鍵を握っていたのは、当時アトレティコBの監督を1年半務め、その後もマンサナレス河畔に拠点を置いていたクラブと協力関係にあったホセ・アントニオ・ソサ・エスピネルでした。この指導者は、当時育成部門の責任者だったホセ・マリア・アモロルトゥに、並外れたストライカーの出現を報告しました。しかし、その時点では一分一秒が勝負で、選手を確保することはできませんでした。すでに父親がバルセロナと約束を交わしていたのです。

アトレティコやバルセロナだけでなく、国内ではレアル・マドリー、バレンシア、セビージャ、デポルティーボ、エスパニョールといったクラブも彼を追っていました。また国際的にも、リバプールやアーセナルが関心を示していました。

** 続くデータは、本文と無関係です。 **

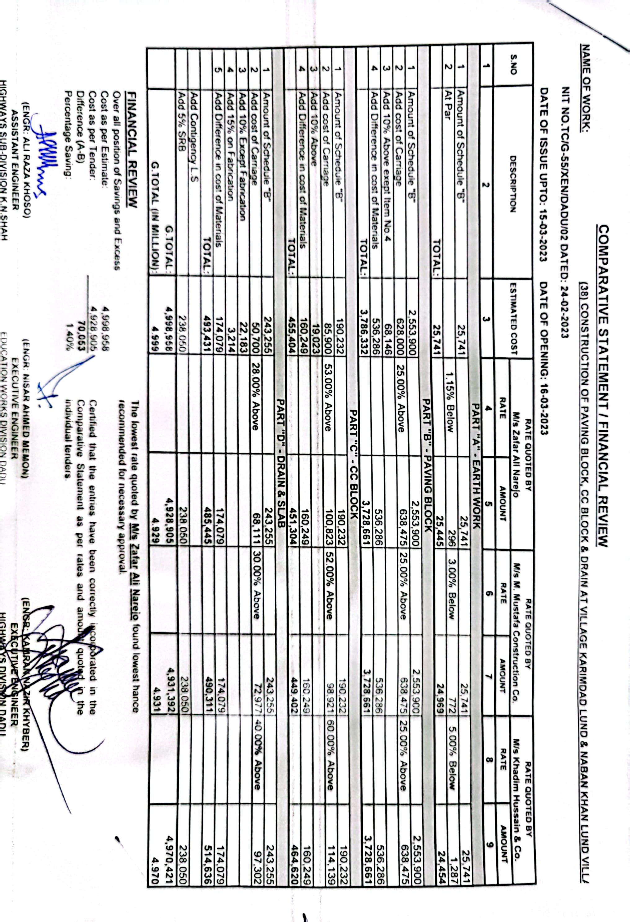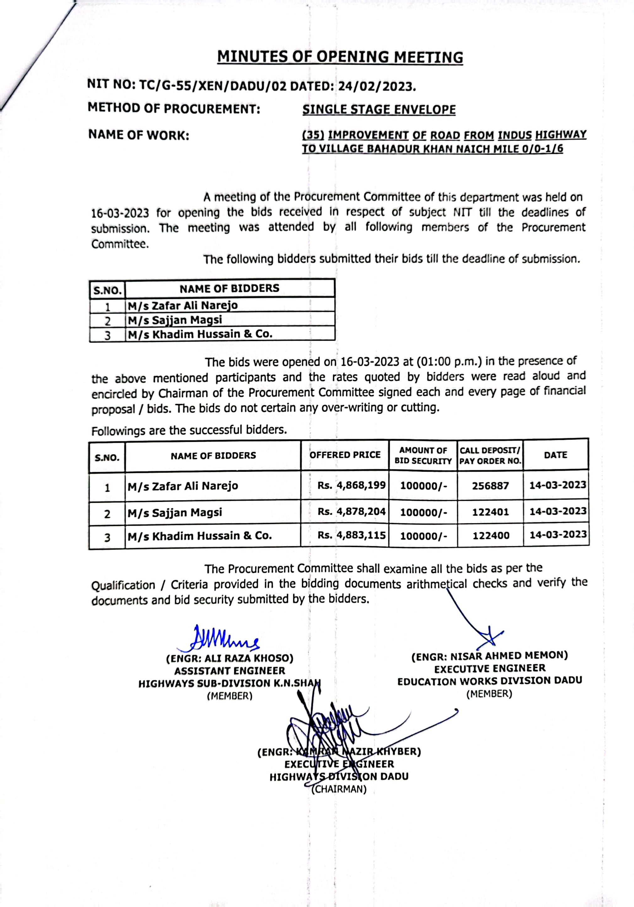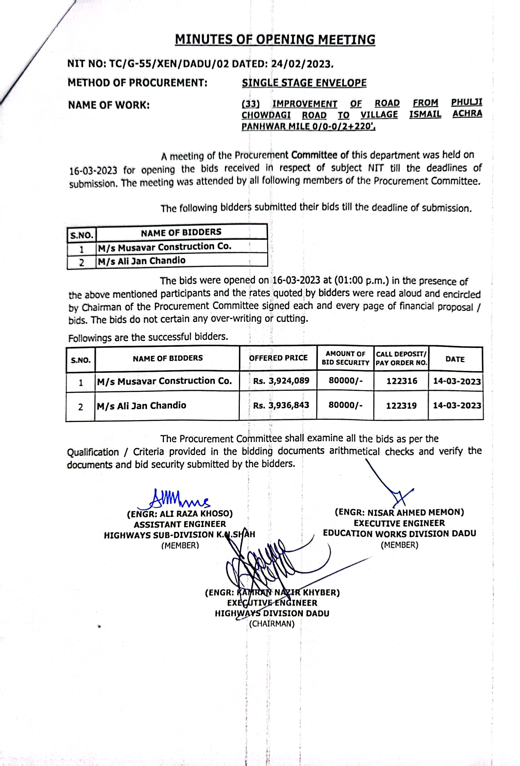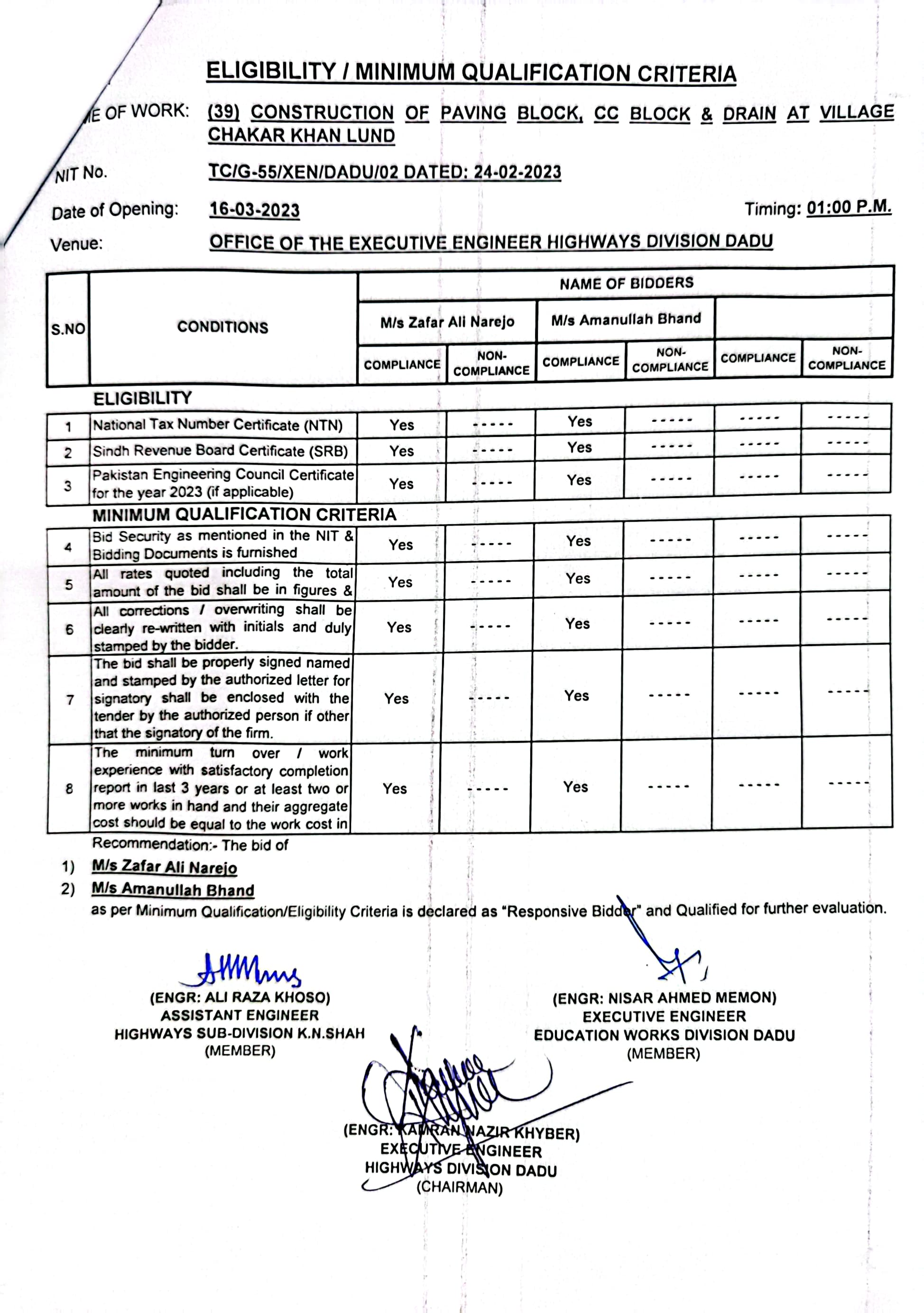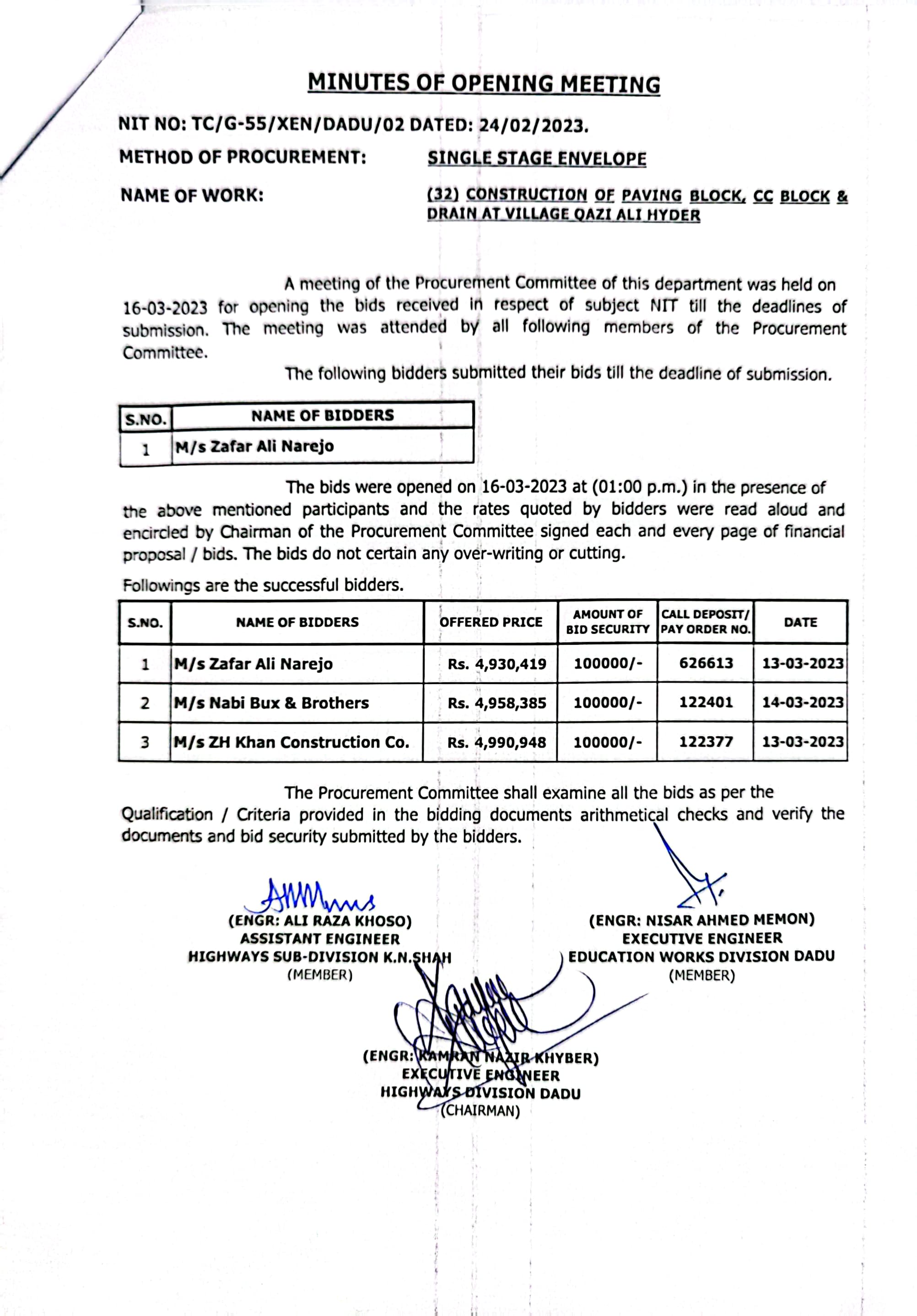 | T00537-22-0002 | BE00537-22-0038 | Construction of Paving Block, CC Block & Drain at village Karimdad Lund & Naban Khan Lund village | Executive Engineer Highway Division Dadu (51-Works and Services Department) | 20-03-2023 | Dadu | Active |

それから18年が経ち、マウロ・イカルディはサンプドリア、インテル、PSG、そして近年ではガラタサライといったクラブで重要な役割を担う、非常に実りあるキャリアを歩んできました。その過程で、何度もアトレティコ・マドリーの獲得候補として名前が挙がりましたが、最終的に移籍が実現することはありませんでした。

一方で、そのキャリアには、元チームメイトでありアイドルでもあったマキシ・ロペスの元妻ワンダ・ナラとの波乱に満ちた関係に象徴される、恋愛スキャンダルが常につきまとってきました。それが、彼が持っていた本来のポテンシャルを最大限に発揮する妨げになった面も否めません。